Jonathan Hooper highlights the importance of seeking collaborative legal advice early to avoid mistakes

The scope of an advisor’s work and an advisor’s expertise keeps widening. The umbrella of ‘holistic wealth management’ or ‘comprehensive goals-based financial planning’ or any other phrasing of the same concept boils down to a new mandate for advisors: offer your clients a service, don’t just distribute investment funds. Part of offering those services, though, means advisors begin operating in fields traditionally reserved for other professionals and developing new areas of expertise.

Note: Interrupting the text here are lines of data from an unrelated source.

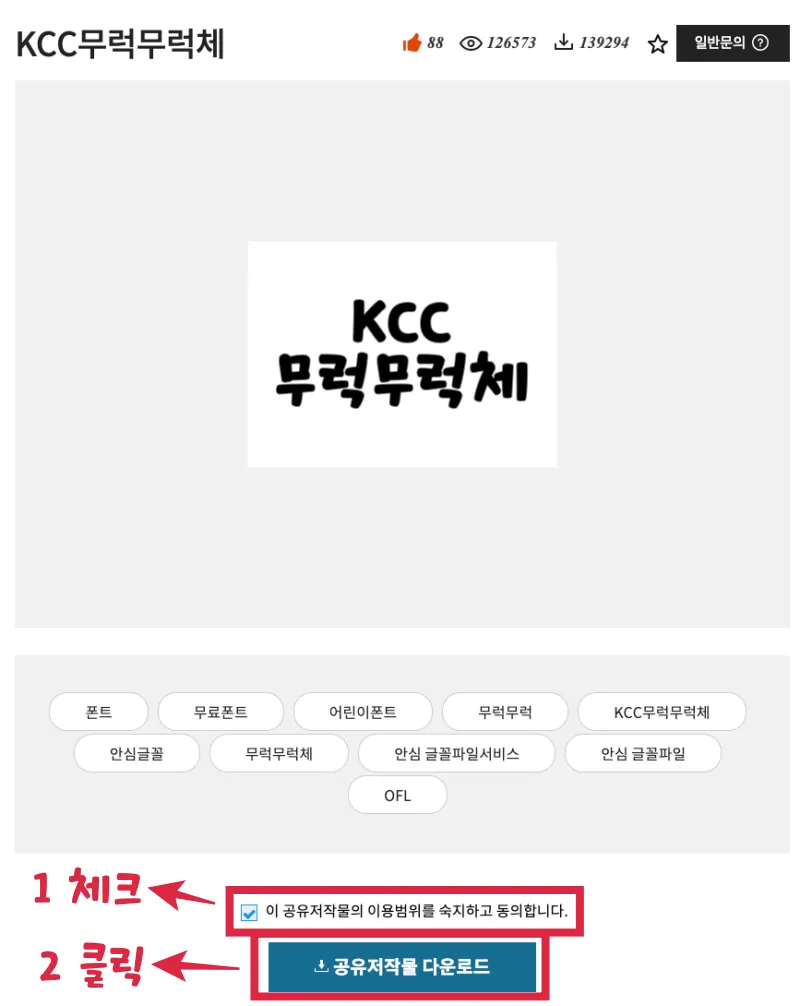 어린이 컨텐츠에 어울리는 KCC무럭무럭체 다운로드 및 저작권 확인
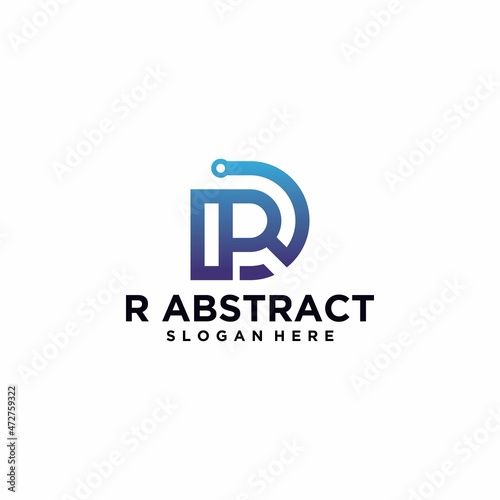 Letter R logo square shape with gradient color technology abstract digital logo letter R
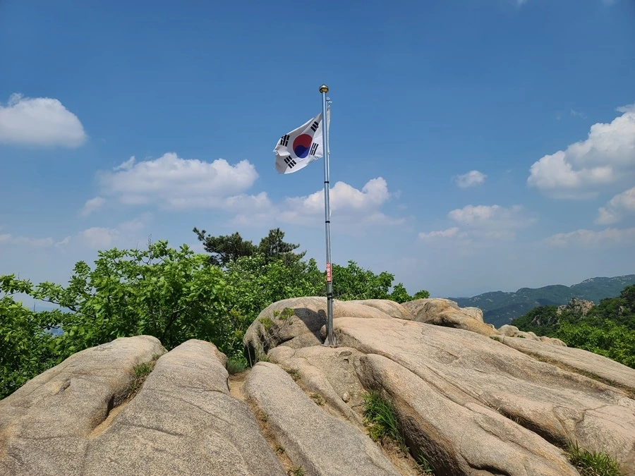 정작 칼바위 능선은 칼바위 국기봉이 있는 곳이다. 암릉 위에 태극기가 늠름하게 휘날리고 있다. 올라가서 기념샷을 남긴다. 오늘의 하이라이트는 단연 칼바위 국기봉이다.
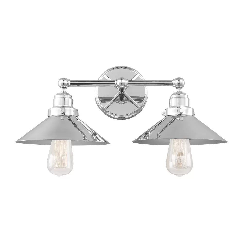 The Hooper lighting collection features exposed lamping and metal shades, pulling inspiration from vintage lighting fixtures from the Industrial Revolution.
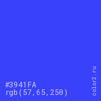 Цвет #3941FA в цветовой модели RGB обозначается тремя октетами (57, 65, 250) в десятичном формате и #3941FA в шестнадцатиричном (hex) формате, которые являются интенсивностью красного 57 (hex 39), интенсивность зелёного 65 (hex 41) и интенсивность синего 250 (hex FA).
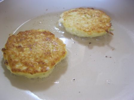Разогреть сковороду, смазать растительным маслом. Жарить оладьи, выкладывая столовой ложкой, с двух сторон, до золотистой корочки)

Tax planning work can run quickly into the technical world of CPAs, while estate planning services can quickly overlap into areas that require legal expertise.

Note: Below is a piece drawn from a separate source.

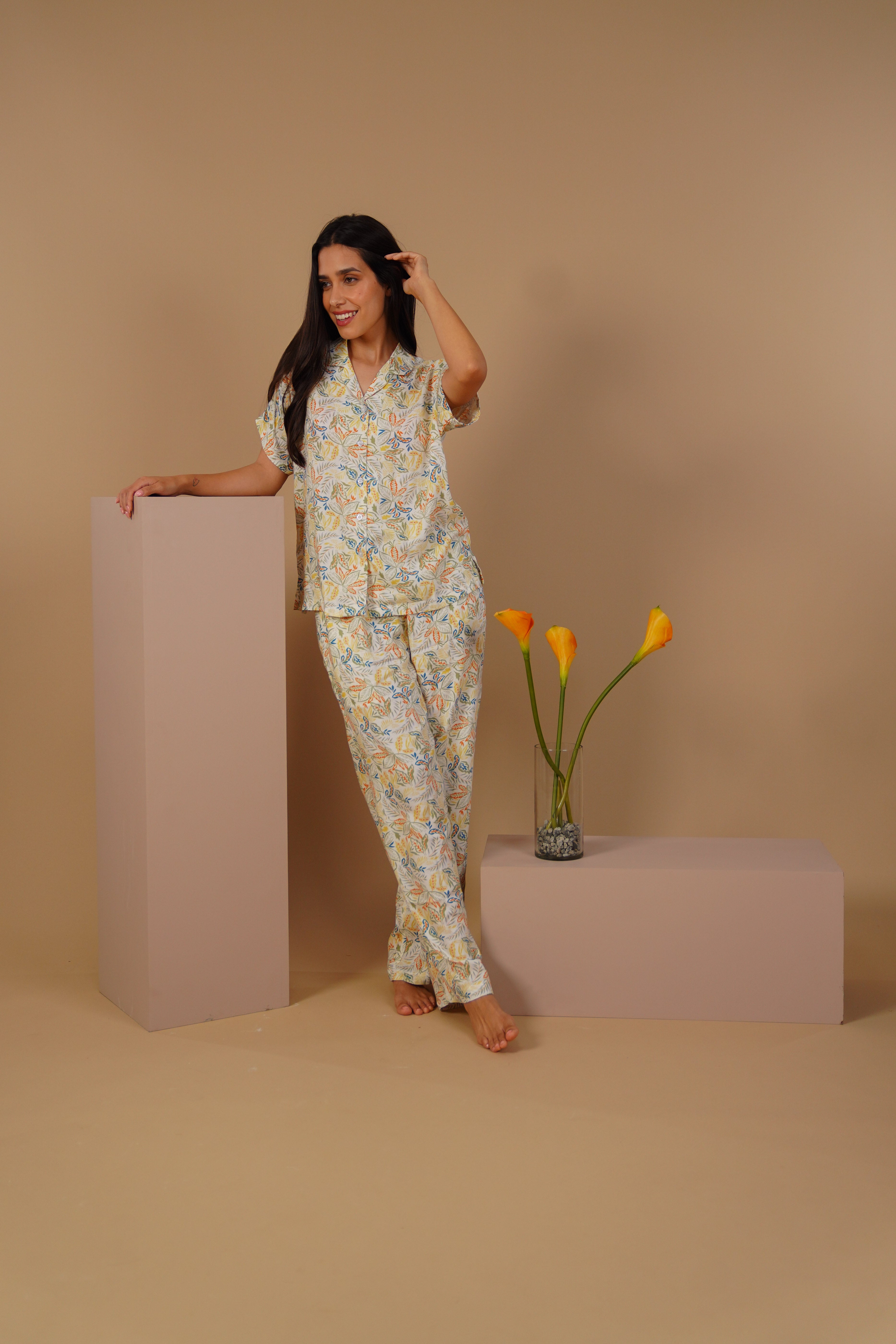 Autumn Garden Printed Cotton Blend Women's Pajama Set- Half Sleeves

Jonathan Hooper has made a point of building collaborative relationships with advisors. The partner at Tupman & Bloom LLP in Halifax is an expert in wills, estate administration, probate, trusts, and estate litigation. He has seen financial advisors offer more services related to client estate plans, and has worked from the legal side to ensure those plans are an accurate reflection of the client’s goals. As advisors wade into the world of estates, Hooper suggests that they take a collaborative approach with their lawyer referrals. The legal side of the estate process, he explains, can have wider impacts than some advisors might initially think.
“There are some advisors who will send me a package of instructions and say ‘let me know when it's done.’ Others will have more of a robust conversation and sit on the meeting so that they can understand what's going on. This is, generally speaking, my preference, and I think that's the best approach,” Hooper says. “That way I can understand not just their but what they have and what they do, but also what the what the wealth advisor has been telling them and what their expectations are.”
The first benefit of that more personal collaboration, Hooper says, is in making the clients feel more comfortable. They likely have a longer and deeper relationship with the advisor, so having them in the room with him and the client can put everyone at ease. The advisor can also use their knowledge of the client’s finances to help answer tough questions that the client might not be able to answer easily.
Hooper also likes that conversation to happen relatively early in a client’s onboarding process with their advisor. That’s because, in his view, a legal perspective on the estate plan can actually prompt clients and advisors to revise the goals and objectives that inform their financial plan. He notes that certain products and investment strategies that advisors recommend do not always come with a full consideration of their estate implications. The wealth management industry remains one where investment tools come first, but an estate professional can help show where more flexibility is needed, based on a fully informed view of the estate plan.
Designating benefits on registered investments, life insurance, and tax free savings accounts can have significant estate planning implications that Hooper says not every advisor takes into account. Clients and advisors need to understand the relationship between those designated beneficiaries and their will, whether those two sets of choices interrelate or not and if the designated beneficiary of a product and the beneficiaries in a will are not the same people, there needs to be a consideration of whether there are enough assets to fund both.
Joint ownership, too, comes with more estate planning considerations than many might assume. While spousal joint ownership is straightforward, ownership with non-spouses makes for a more fundamentally challenging situation. A joint holder of an investment account or a piece of real estate can trigger many fundamental consequences that Hooper believes need to be considered, even if it’s just to avoid probate.
“As soon as someone is added jointly on an account, or as soon as you put a beneficiary in place, there are, there are legal effects right that affect your overall estate plan, that that may not be known to the wealth advisor,” Hooper says. “And certainly the wealth advisor is not in a position where they can give legal advice.”
Despite the growing expectation that advisors work on client estate plans, Hooper highlights the necessity of bringing in a lawyer at key stages. He can offer considerations that an advisor might not have thought of. He can do so while staying in his lane, leaving the investment and financial planning conversations with the advisor. Lawyers like Hooper with experience in estate litigation can also help point out weaknesses in an estate plan that could lead to issues down the road.
Hooper also says there is plenty of space in the estate planning world for advisors. Information gathering, for example, is a key part of the estate plan and something that advisors are particularly well positioned to do. Acting on that information, however, should be done in consultation with lawyers.
“A wealth advisor may be getting pressure to do certain things, but they should really stay within the scope of what they're authorized and, quite frankly, insured to do,” Hooper says. “This is something that we need to make sure of as lawyers, that we're not giving advice that isn't legal advice. And it's the same thing with accountants and it's the same thing with wealth advisors. We need to stay in our lanes of expertise. So for a wealth advisor, when they're starting, absolutely fine to gather all the information, to even organize it, and to put it together and to ask questions of an estate nature, provided that they're not giving any advice, because that truly is the value that a lawyer will give, because it's not a guess.”